- [Task statement]:
Without including any pictures, reproduce all the lines below word for word.

- [Source material]:
+++

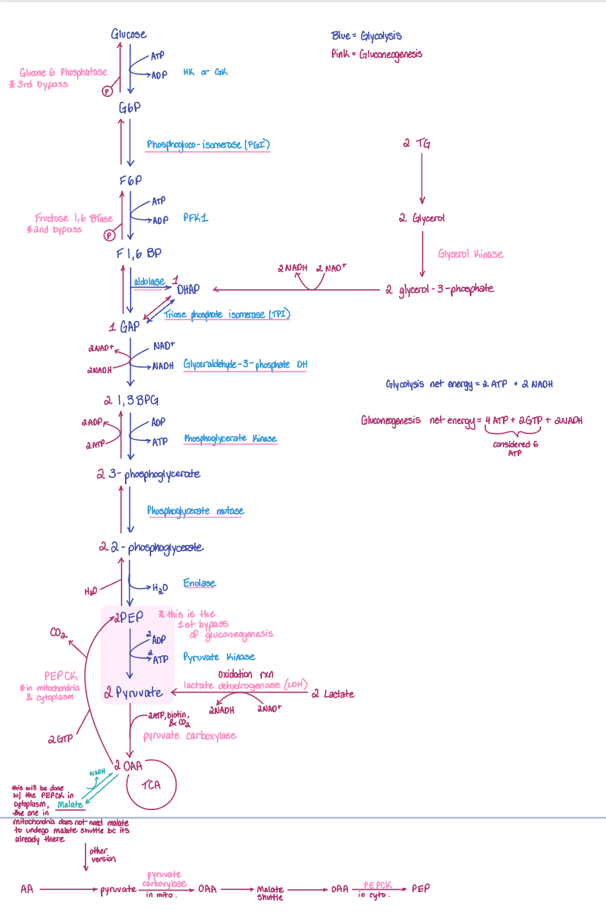 There are 3 rate limiting steps in glycolysis. So in gluconeogenesis, it has to bypass all 3 rate limiting steps/enzymes. What are the 3 steps of glycolysis and RLEs?
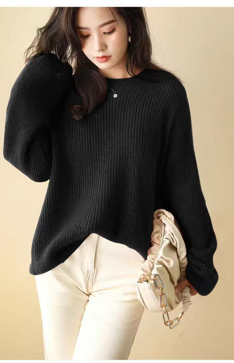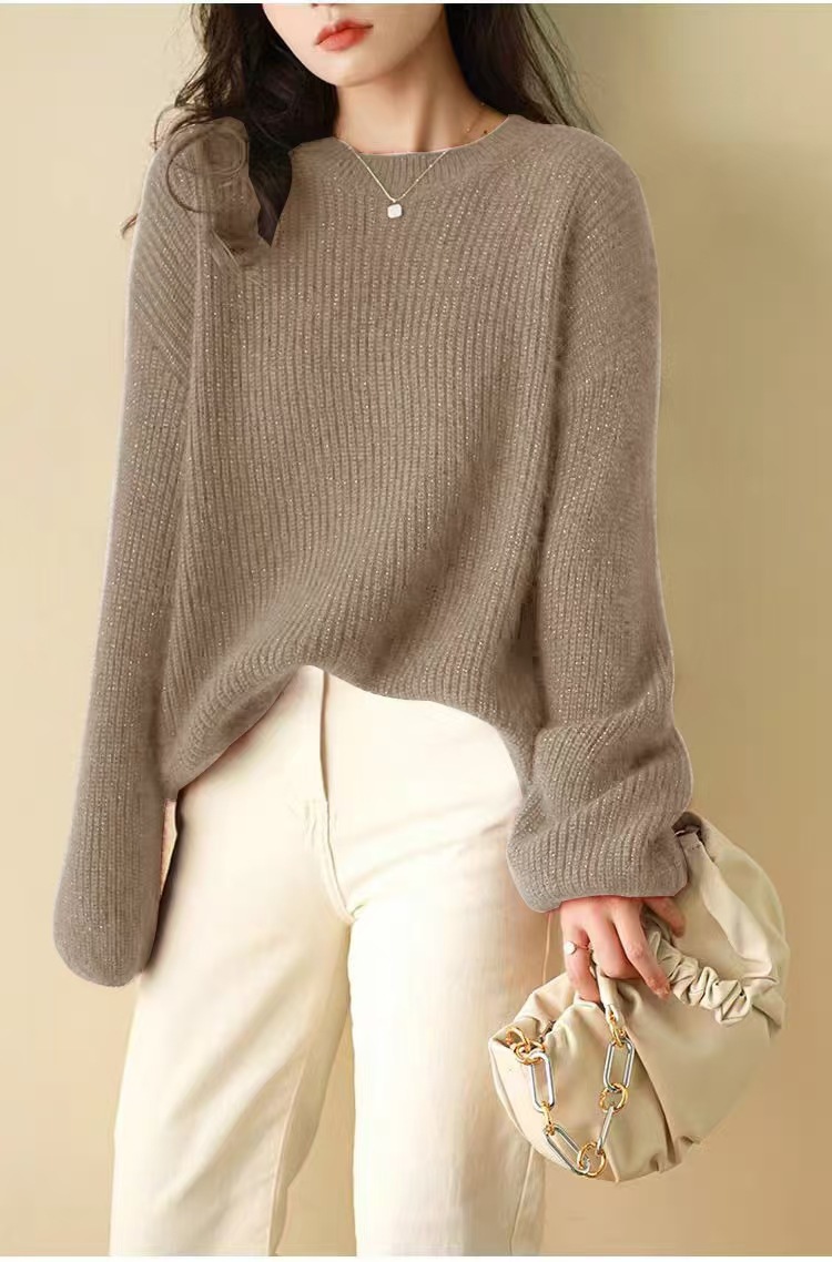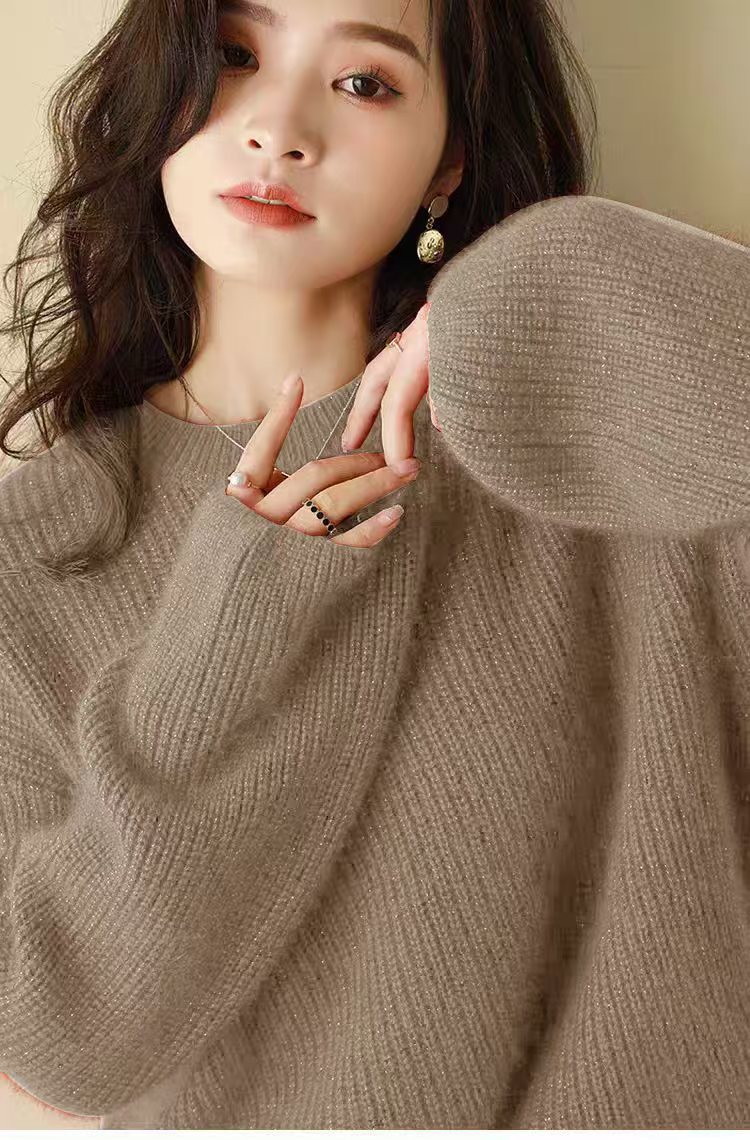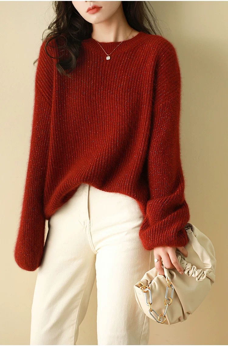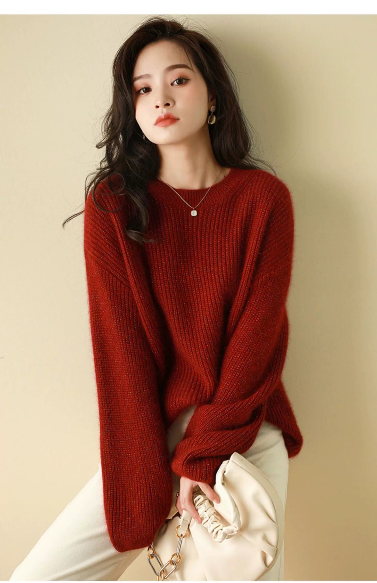 【秋冬新款100纯羊毛衣】新年红色圆领女士打底衫 宽松慵懒风亮丝毛衣潮
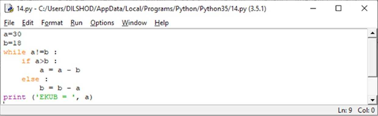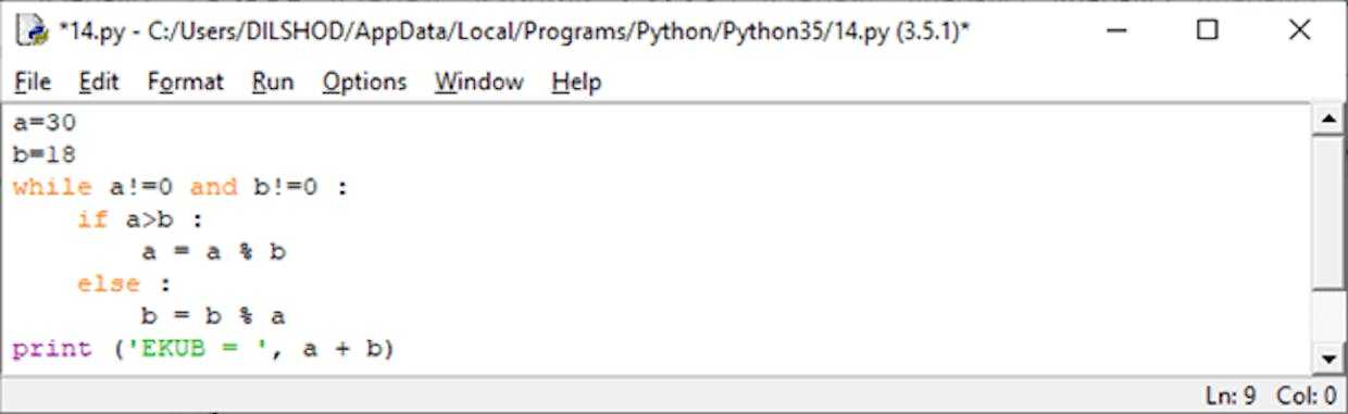 Evklid algoritmi. Ikkita butun sonlarning eng katta umumiy bo’luvchisini topish.

+++

- [Result below]:
 There are 3 rate limiting steps in glycolysis. So in gluconeogenesis, it has to bypass all 3 rate limiting steps/enzymes. What are the 3 steps of glycolysis and RLEs?
 【秋冬新款100纯羊毛衣】新年红色圆领女士打底衫 宽松慵懒风亮丝毛衣潮
 Evklid algoritmi. Ikkita butun sonlarning eng katta umumiy bo’luvchisini topish.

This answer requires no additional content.